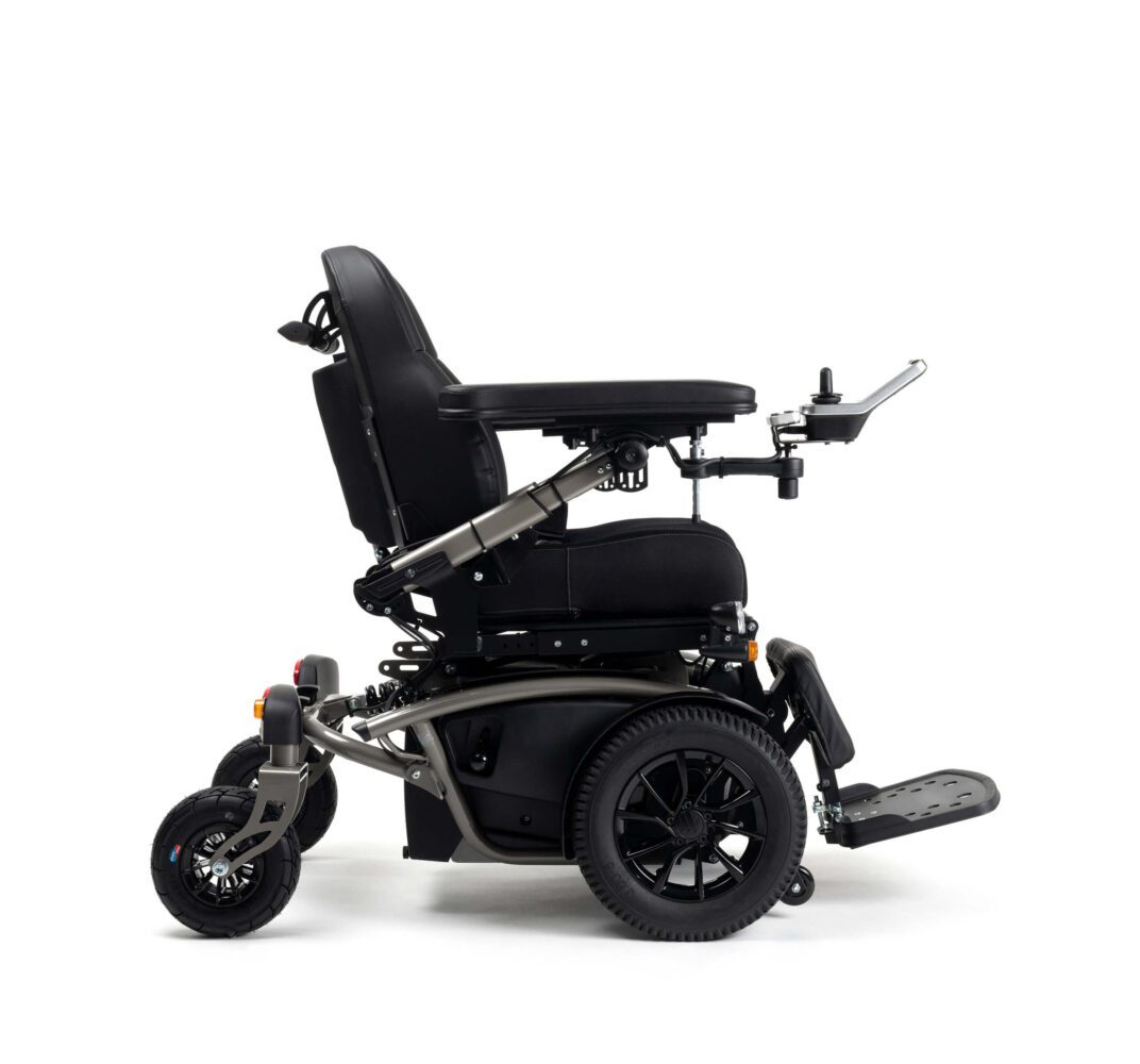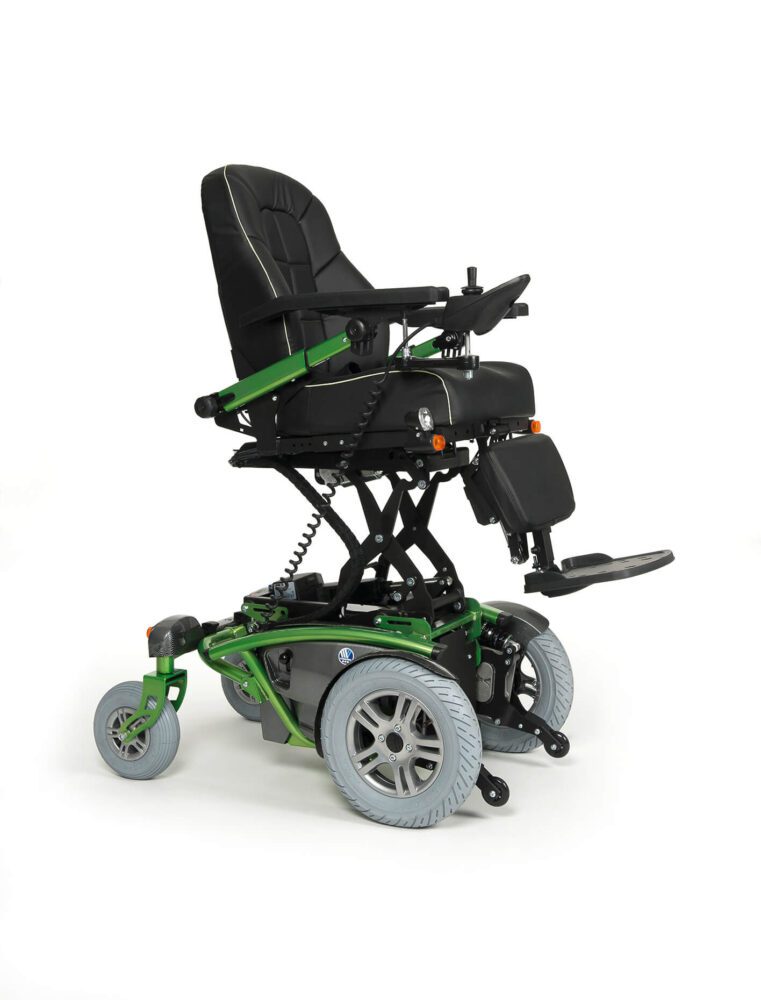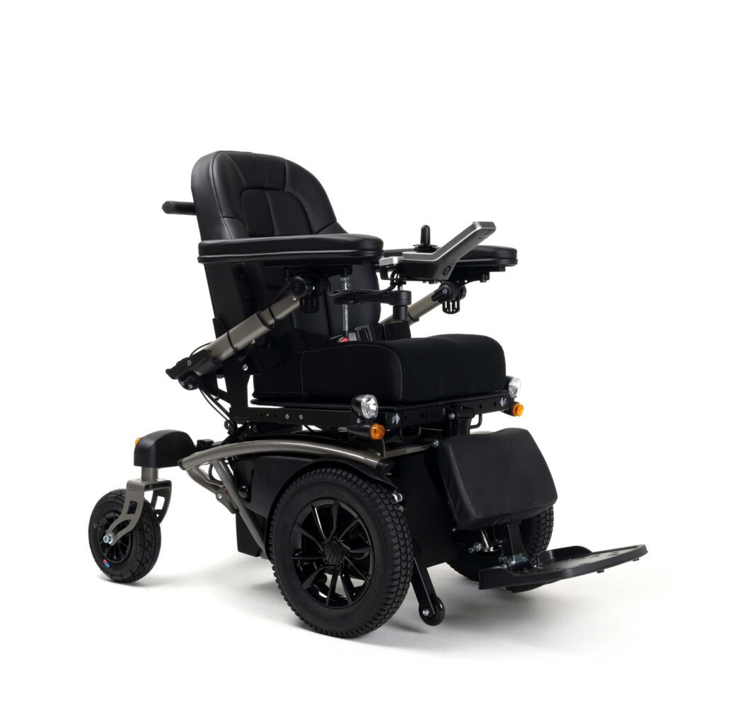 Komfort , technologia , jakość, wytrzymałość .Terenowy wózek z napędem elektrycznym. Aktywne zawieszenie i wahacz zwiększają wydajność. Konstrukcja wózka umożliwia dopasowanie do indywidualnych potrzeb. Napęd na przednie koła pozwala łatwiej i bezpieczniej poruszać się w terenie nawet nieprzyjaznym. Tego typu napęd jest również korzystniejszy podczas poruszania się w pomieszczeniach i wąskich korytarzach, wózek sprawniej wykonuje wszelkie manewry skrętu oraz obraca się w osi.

============

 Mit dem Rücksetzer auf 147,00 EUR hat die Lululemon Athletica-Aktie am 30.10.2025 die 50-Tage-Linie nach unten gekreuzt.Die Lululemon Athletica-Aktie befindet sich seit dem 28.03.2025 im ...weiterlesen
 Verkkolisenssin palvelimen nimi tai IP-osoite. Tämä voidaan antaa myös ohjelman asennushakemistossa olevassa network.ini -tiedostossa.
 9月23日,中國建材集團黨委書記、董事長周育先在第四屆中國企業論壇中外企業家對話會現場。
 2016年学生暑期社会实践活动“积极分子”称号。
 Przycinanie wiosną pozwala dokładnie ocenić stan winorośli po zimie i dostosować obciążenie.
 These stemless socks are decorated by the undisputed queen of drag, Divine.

============

▸ YOUR ASSIGNMENT: In the data above, which lines lie between the line with "Przycinanie wiosną pozwala" and the line with "These stemless socks", inclusive? Print those lines exactly and nothing else.

▸ RESPONSE TO THIS TASK:
 Przycinanie wiosną pozwala dokładnie ocenić stan winorośli po zimie i dostosować obciążenie.
 These stemless socks are decorated by the undisputed queen of drag, Divine.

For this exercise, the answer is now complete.